The chamber stated that agriculture and agro-processing, alongside manufacturing, infrastructure, energy, and human capital development, remain critical to unlocking sustainable growth and job creation in the coming year.
Speaking on the outlook for the 2026 budget, LCCI Director-General, Dr Chinyere Almona, noted that Nigeria is witnessing a gradual shift from macroeconomic stabilisation to growth acceleration.
She stated that this transition must be supported by decisive policy execution, particularly in sectors with high employment and productivity potential.
According to her, scaling irrigation systems, strengthening agro-value chains, and reducing power and logistics costs for manufacturers are essential steps towards boosting food production and industrial competitiveness.
“Agriculture remains a strategic sector for economic growth, food security, and employment.
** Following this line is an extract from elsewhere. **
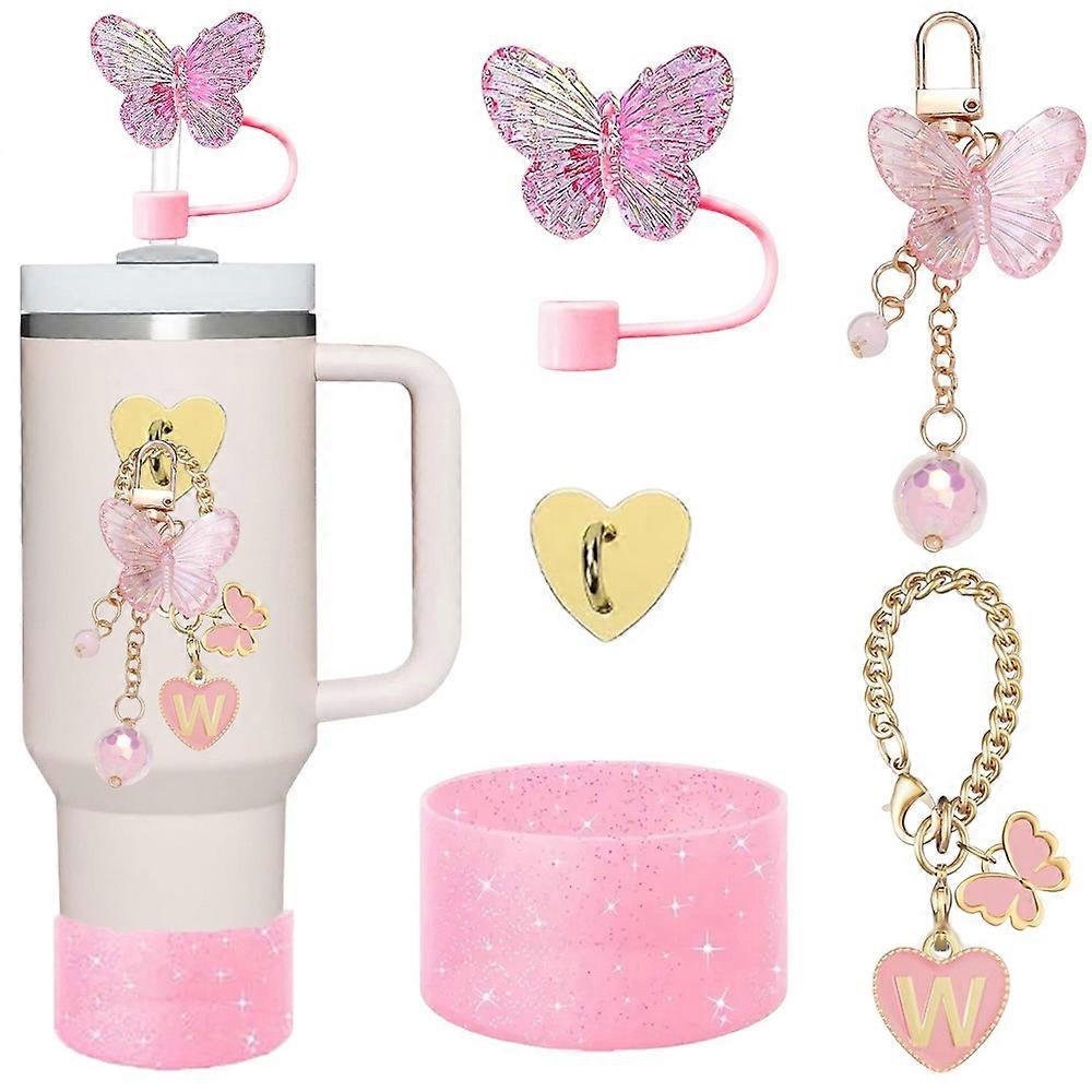 5pcs Cup Accessories for Stanley Cup 30oz 40oz Includes Butterfly Straw Cover Cap Silicone Boot Butterfly Charm Letter Chain

Scaling irrigation and agro-processing, while easing operational costs for producers, will significantly enhance productivity,” Almona said.
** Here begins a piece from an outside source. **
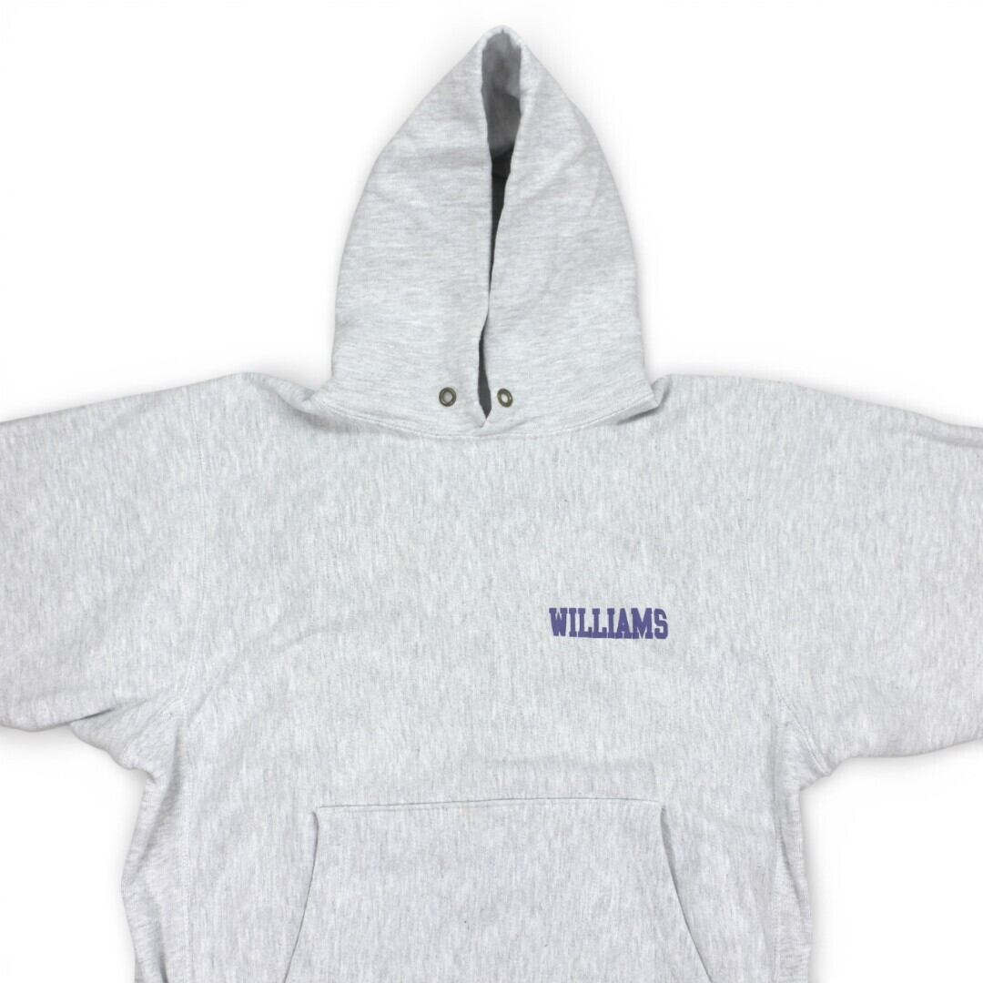 90s USA製のカレッジ系モデルで、フロントに「WILLIAMS」、バックに大きく配された「W」プリントが印象的な一着です。

She added that the 2026 budget shows encouraging signs, especially with capital expenditure accounting for a substantial share of total spending.
However, she cautioned that the rising cost of debt servicing, estimated at ₦15.52 trillion, could limit the government’s ability to invest meaningfully in growth-oriented sectors.
While commending the early presentation of the budget, Almona stressed the need for stricter borrowing practices, improved revenue mobilisation, and stronger public-private partnerships to support infrastructure development and agricultural expansion.
Regardingenergy, she noted that resolving challenges around crude oil supply, refinery operations, and regulatory efficiency would be critical to sustaining industrial growth.
She also warned that persistent issues such as oil theft, weak infrastructure, and fluctuating global prices could undermine revenue projections.
The LCCI further highlighted concerns around the budget’s oil production and price assumptions, describing them as ambitious given current output levels and global market conditions.
According to the chamber, achieving these targets will require improved security, stronger investment inflows, and effective sector reforms.
Almona also pointed to the need for better coordination in budget implementation, noting that overlapping fiscal cycles could affect transparency and execution efficiency.